Mr. Moore is trying to convince his high school students that it is better to slow down when they are learning to type. He believes that students who type too quickly make too many errors. To prove this point, Mr. Moore has the students take a typing test. He records their average typing speed (in words per minute), x, and the number of errors they made, y. The line of best fit/regression line of this data is: y=3.473x−155.317 (5 points) Using the regression line, about how many errors would be made if the students typed zero words per minute? For an increase of one word per minute typing speed, the regression line predicts an increase of how many errors? If a student types at 50 words per minute, how many errors does the regression line predict will be made? If a student types 70 words per minute, how many errors does the regression line predict will be made? Does this support Mr. Moore's claim that the slower a student types, the fewer errors will be made?

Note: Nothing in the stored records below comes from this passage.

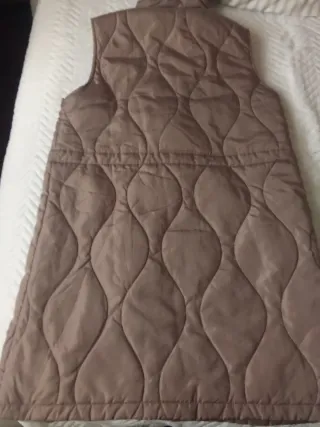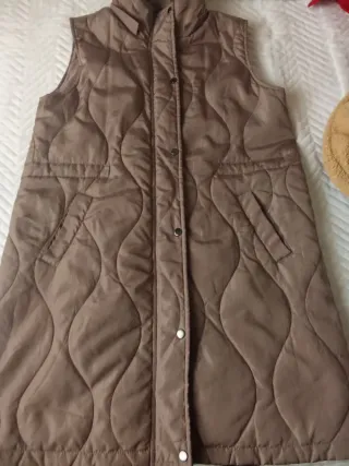 Chaleco acolchado de color marrón. Es una prenda versátil y cómoda. - Cuello alto. - Cierre de botones a presión. - Bolsillos laterales. - Forro interior a cuadros. talla ligeramente pequeño, para mí como una 38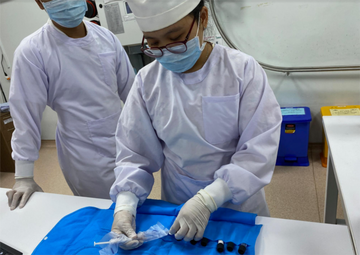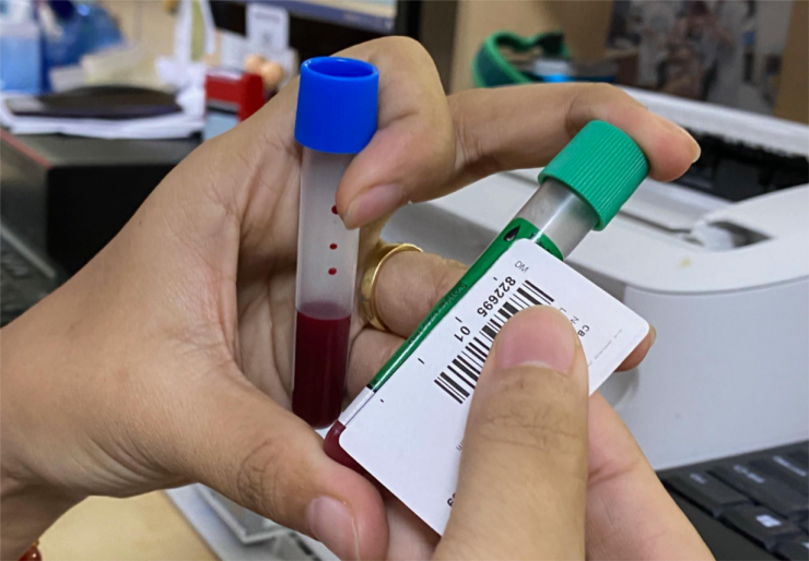 Điều dưỡng thực hiện lẫy mẫu xét nghiệm và dán code trên lọ đựng bệnh phẩm trước khi gửi đến khoa xét nghiệm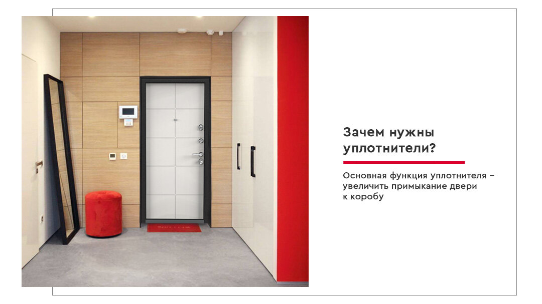 Основная функция уплотнителя – увеличить примыкание двери к коробу. Это делает конструкцию герметичной и избавляет от сквозняков и неприятных запахов с лестничной площадки. Если ваша дверь ведет сразу в квартиру, на уплотнители стоит обратить особое внимание.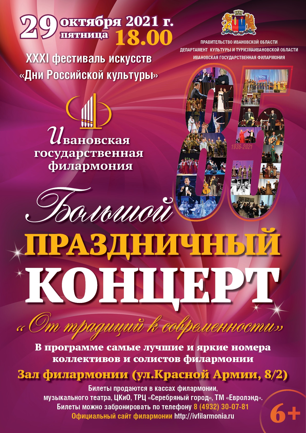 Уважаемые зрители! В связи с внесением изменений в Указ Губернатора Ивановской области от 19.10.21 г. юбилейный праздничный концерт филармонии "От традиций к современности", назначенный на 29 октября, переносится на более поздний срок. О дате сообщим дополнительно. Все приобретённые билеты будут действительны.

Using the regression line, we can calculate:

1. If x = 0:
y = 3.473(0) - 155.317
y = -155.317

Therefore, if the students type zero words per minute, the regression line predicts they will make approximately -155 errors. Since you can't have negative errors, this doesn't make sense in this context.

2. For an increase of one word per minute typing speed:
The coefficient of x in the regression line is 3.473, so for an increase of one word per minute typing speed, the regression line predicts an increase of 3.473 errors.

3. If x = 50:
y = 3.473(50) - 155.317
y = 173.783

Therefore, if a student types at 50 words per minute, the regression line predicts they will make approximately 173.783 errors.

4. If x = 70:
y = 3.473(70) - 155.317
y = 177.983

Therefore, if a student types at 70 words per minute, the regression line predicts they will make approximately 177.983 errors.

Based on the regression line, it appears that as typing speed increases, the number of errors also increases, which does not support Mr. Moore's claim.